Так оно и было на самом деле.
В этом доме, на втором этаже, я родилась, выросла и прожила немало лет.
Мама умерла, когда мне было около двенадцати лет, и мы остались одни с отцом.
Моего отца хорошо знали московские книголюбы, он был директором букинистического магазина, что когда-то находился в проезде МХАТа.
Отец был человеком необыкновенно эрудированным и знающим. С ним советовались самые признанные авторитеты — филологи, ученые-историки, писатели.
Память у него была совершенно поразительная.
Кажется, разбуди отца среди ночи, задай ему самые неожиданные вопросы, как, например: «В каком году было написано первое письмо князя Курбского Иоанну Грозному? В каких костюмах щеголяли по праздникам петиметры? Сколько было прижизненных изданий Вольтера? Перечислите поименно предшественников Шекспира, а также их произведения? Сколько памятников архитектуры в Пскове и в Новгороде?» — он ответит безошибочно на любой вопрос.
В нашу маленькую, на втором этаже квартирку, случалось, приходили знаменитые ученые, писатели, литературоведы, прославленные режиссеры, театральные художники, актеры, да кто только не бывал у нас!
И у каждого было дело к отцу: кому надо отыскать книгу, вышедшую в каком-то веке и с той поры не издававшуюся, кто просит раздобыть для него мемуары, в которых описывались бы нравы и быт театральных училищ Петербурга в начале девятнадцатого века, у кого-то не хватает в полном собрании сочинений одного или нескольких томов, а кто просит раздобыть для него альбом старинной одежды северных губерний России.
Я как-то спросила отца:
— Почему они все приходят к нам домой? Они же могут договориться с тобой в магазине?
— В магазине я постоянно занят, и потому я сам приглашаю к нам, дома как-то удобнее обо всем поговорить, — отвечал отец.
Помню, к нам однажды явился знаменитый театральный режиссер, новатор и, как все считали, умница, почти мудрец.
Было это зимой, в январскую стужу, ледяной ветер задувал холод в наши плохо замазанные стекла; и тут позвонили в дверь, отец пошел открывать, и я увидела: вслед за ним вошел в комнату высокий, несколько восточного типа человек, одетый в тяжелую шубу с меховым воротником шалью, на голове меховая шапка, называемая в ту пору боярской.
Он вошел и как бы сразу забрал весь воздух в нашей узкой комнате, массивный, кажущийся еще более высоким и неповоротливым из-за шубы и шапки, горбоносый, с быстрыми темными, слегка выпуклыми глазами.
— А это кто? — густым, актерским басом спросил он у отца.
— Моя дочь Настя, — ответил отец.
— Настя — чудесное имя, — пророкотал вошедший, снял перчатку, протянул мне руку, неожиданно миниатюрную для его большого, грузного тела. — Давай, Настя, познакомимся…
Он назвал свою фамилию, известную в то время чуть ли не всему миру, заметно рисуясь, играя в обаятельного скромнягу, ибо понимал, что и мне его имя хорошо знакомо.
— Стало быть, вот я какой, а ты, милая, вон какая.
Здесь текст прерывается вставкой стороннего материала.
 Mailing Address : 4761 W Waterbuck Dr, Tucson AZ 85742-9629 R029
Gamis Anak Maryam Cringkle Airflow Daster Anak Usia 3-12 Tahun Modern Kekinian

В каком классе учишься?
— В восьмом, — ответила я, прибавив целый год.
— Отлично, — прогудел он, впрочем, немедленно позабыл обо мне и обратился к отцу: — Ипполит Петрович, душа моя, тут я одну постановочку задумал, просто все ночи подряд не сплю, все представляю себе, как оно получится, и необходимо мне для нее, просто невероятно необходимо раздобыть самые что ни на есть достоверные мемуары, повествующие о нравах и обычаях мушкетеров французских королей.
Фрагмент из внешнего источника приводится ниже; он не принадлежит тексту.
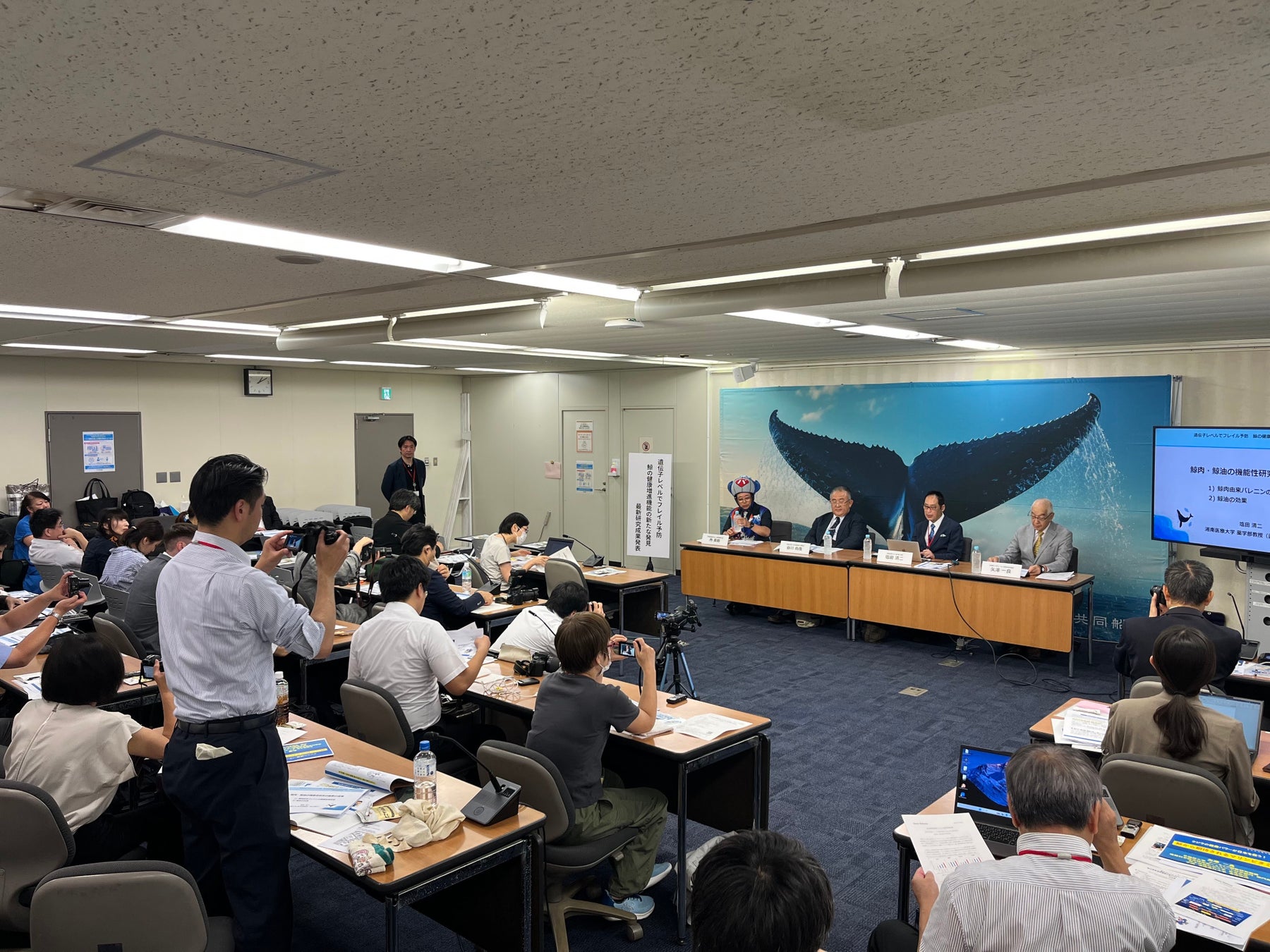 本発表会には、報道関係者多数が参加。鯨肉・鯨油が持つ健康増進効果について、湘南医療大学 薬学部の塩田清二教授、早稲田大学ナノ・ライフ創新研究機構の矢澤一良先生、共同船舶株式会社 代表取締役社長 所英樹氏、そして一般社団法人日本捕鯨協会 谷川尚哉理事長が登壇し、最新の科学的知見と今後の展望について解説しました。
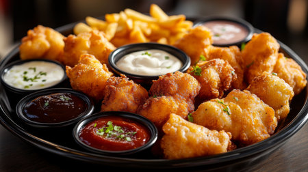 An enticing assortment of fried appetizers served on a decorative plate, accompanied by diverse dipping sauces ideal for gatherings and celebrations.

— Самые достоверные — это мемуары де Виллье, — незамедлительно ответил отец. — Вышли в Париже в тысяча восемьсот третьем году, в издательстве Карне и Моисси, всего в количестве триста тридцать восемь экземпляров, там имеется описание жизни мушкетеров при королях Людовиках Тринадцатом и Четырнадцатом, нравы, быт, обычаи, одежда, особенности, ну, и тому подобное.
Режиссер развел в стороны руки:
— Как это вы всё в голове держите, Ипполит Петрович? И год издания, и количество экземпляров…
Отец улыбнулся:
— Да так как-то…
— Непостижимо, как сама жизнь, — веско произнес режиссер.
Разумеется, он был поражен, и все-таки я подумала тогда, что он малость рисуется, то ли передо мной, то ли перед отцом или просто по привычке…
Отца отличала не только его огромная начитанность и совершенная память. У него была еще одна особенность: он любил приобретать ненужные вещи.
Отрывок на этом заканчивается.